Given information:
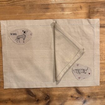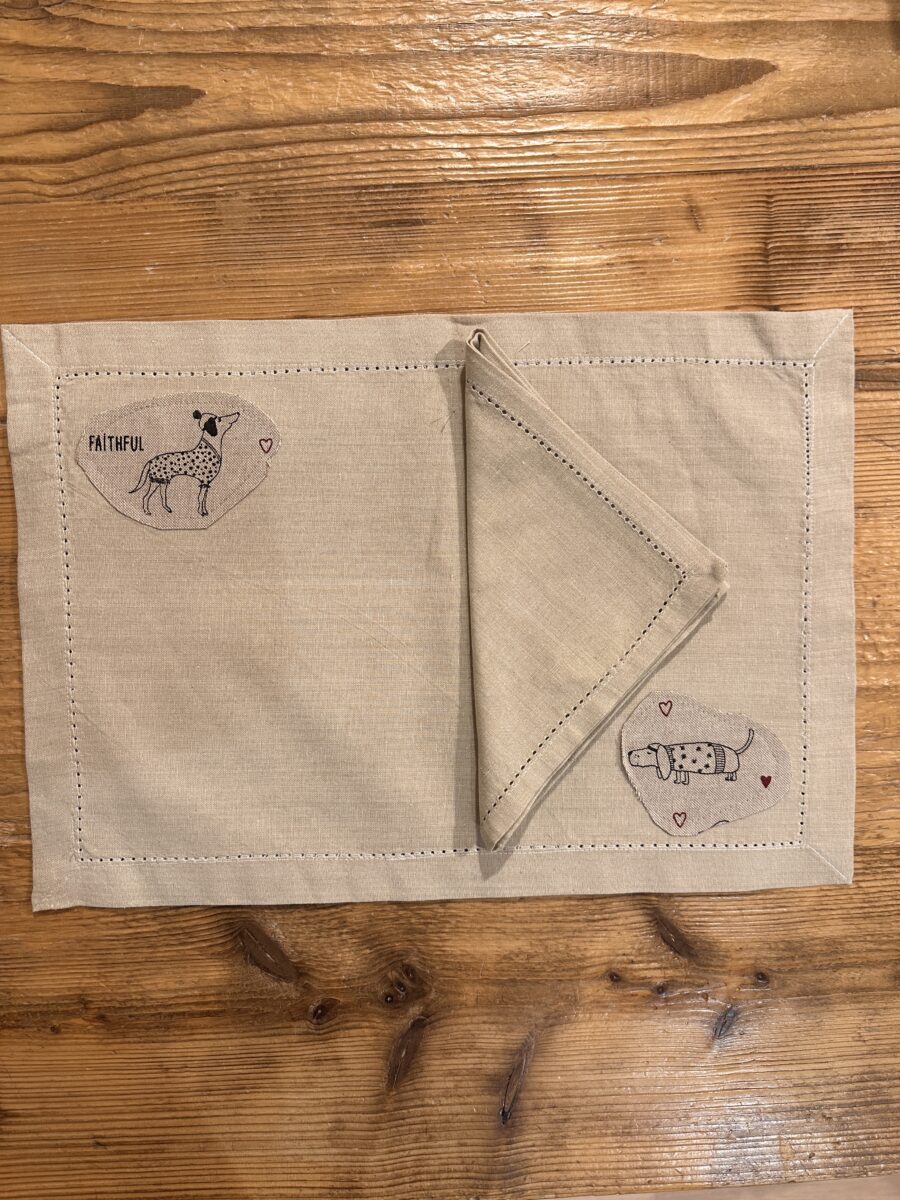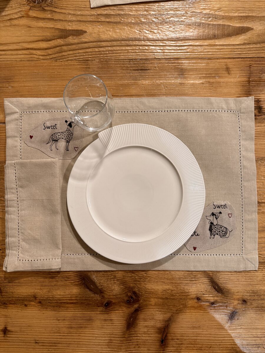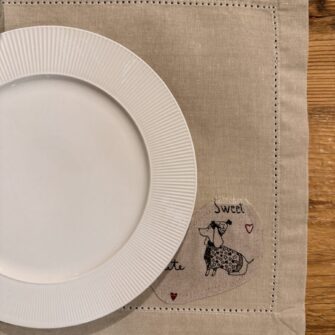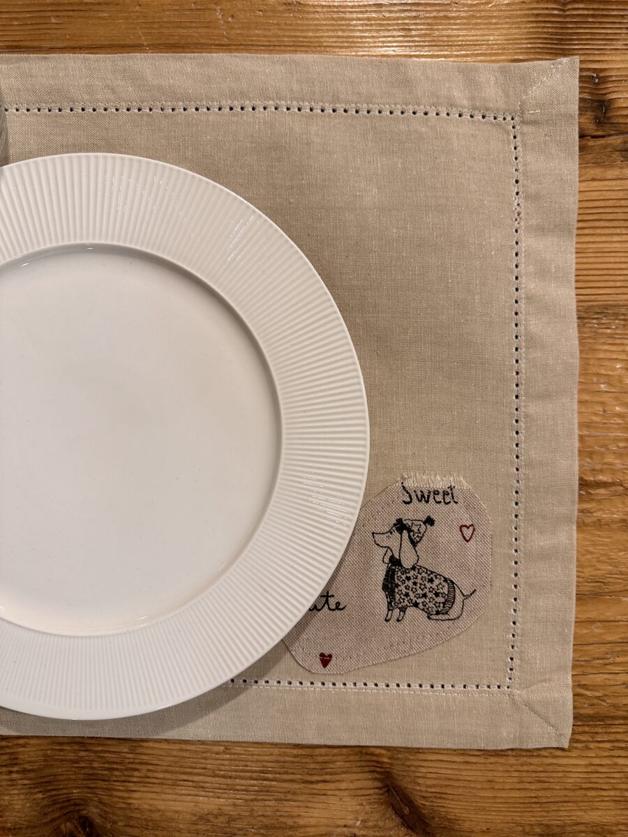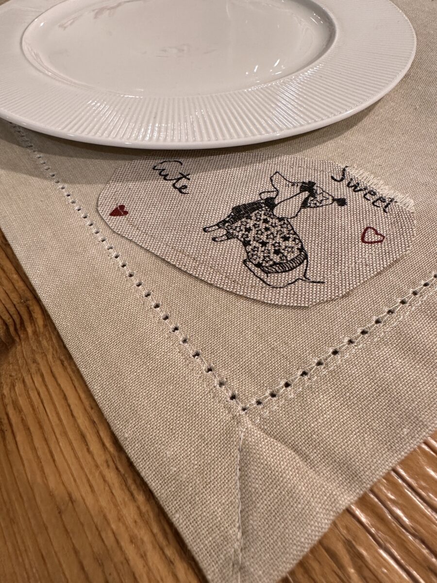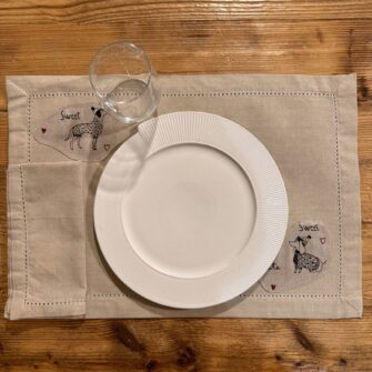 La Tovaglietta Americana Cani Love è venduta in abbinamento al suo tovagliolo, anch’esso rifinito con orlo a jour. Le stoviglie presenti nelle fotografie hanno il solo scopo illustrativo. L’etichetta con il nostro logo garantisce l’autenticità del manufatto e la qualità della lavorazione sartoriale. A causa della varietà dei soggetti presenti nei tessuti stampati, possono verificarsi lievi differenze nella posizione del motivo da una tovaglietta all’altra, rendendo ogni pezzo unico.
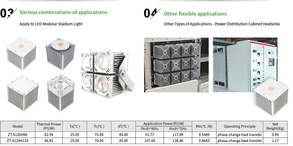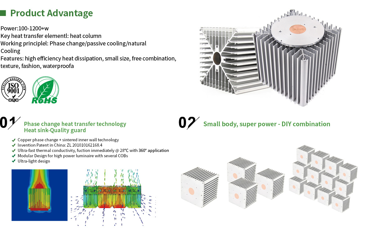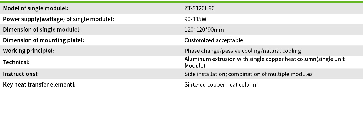 100-1200+W Square module natural cooling for LED lights and power distribution cabinet
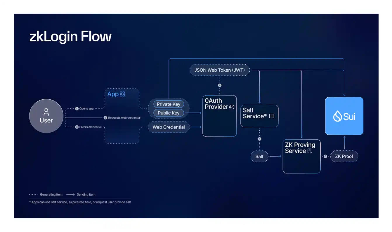 zkLogin 通过允许用户使用熟悉的 Web2 凭证(如 Google 或 Twitch)登录基于 Sui 的应用,简化了链上访问,消除了设置经典钱包的需求。尽管这似乎与加密隐私的理念相悖,但 zkLogin 利用零知识证明将 Web2 凭证安全地链接到 Sui 地址。
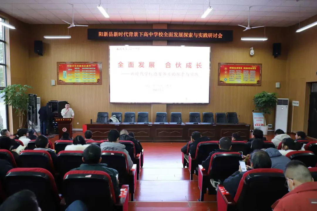 为深入学习贯彻全国教育大会精神,精准锚定《教育强国建设规划纲要(2024-2035)》战略部署,全面落实“立德树人”根本任务,并积极推动“人工智能+教育”融合行动,推动新时代背景下高中学校的全面发展与建设。1月4日下午,我校在明德楼报告厅举办“AI赋能,德育引领——新时代背景下高中学校全面发展探索与实践研讨会”。本次研讨会由县教科院主办,阳新一中承办,杭州铭师堂协办。县教科院柯于涛院长,全县高中学校领导、各科教研员,我校党委副书记、校长江章令及校党委班子成员、全体班主任、青年教师参加活动。本次会议由校党委委员、副校长刘杰主持。

Task requirements:
Using the data above, print every line exactly, omitting pictures.

Response below:
 La Tovaglietta Americana Cani Love è venduta in abbinamento al suo tovagliolo, anch’esso rifinito con orlo a jour. Le stoviglie presenti nelle fotografie hanno il solo scopo illustrativo. L’etichetta con il nostro logo garantisce l’autenticità del manufatto e la qualità della lavorazione sartoriale. A causa della varietà dei soggetti presenti nei tessuti stampati, possono verificarsi lievi differenze nella posizione del motivo da una tovaglietta all’altra, rendendo ogni pezzo unico.
 100-1200+W Square module natural cooling for LED lights and power distribution cabinet
 zkLogin 通过允许用户使用熟悉的 Web2 凭证(如 Google 或 Twitch)登录基于 Sui 的应用,简化了链上访问,消除了设置经典钱包的需求。尽管这似乎与加密隐私的理念相悖,但 zkLogin 利用零知识证明将 Web2 凭证安全地链接到 Sui 地址。
 为深入学习贯彻全国教育大会精神,精准锚定《教育强国建设规划纲要(2024-2035)》战略部署,全面落实“立德树人”根本任务,并积极推动“人工智能+教育”融合行动,推动新时代背景下高中学校的全面发展与建设。1月4日下午,我校在明德楼报告厅举办“AI赋能,德育引领——新时代背景下高中学校全面发展探索与实践研讨会”。本次研讨会由县教科院主办,阳新一中承办,杭州铭师堂协办。县教科院柯于涛院长,全县高中学校领导、各科教研员,我校党委副书记、校长江章令及校党委班子成员、全体班主任、青年教师参加活动。本次会议由校党委委员、副校长刘杰主持。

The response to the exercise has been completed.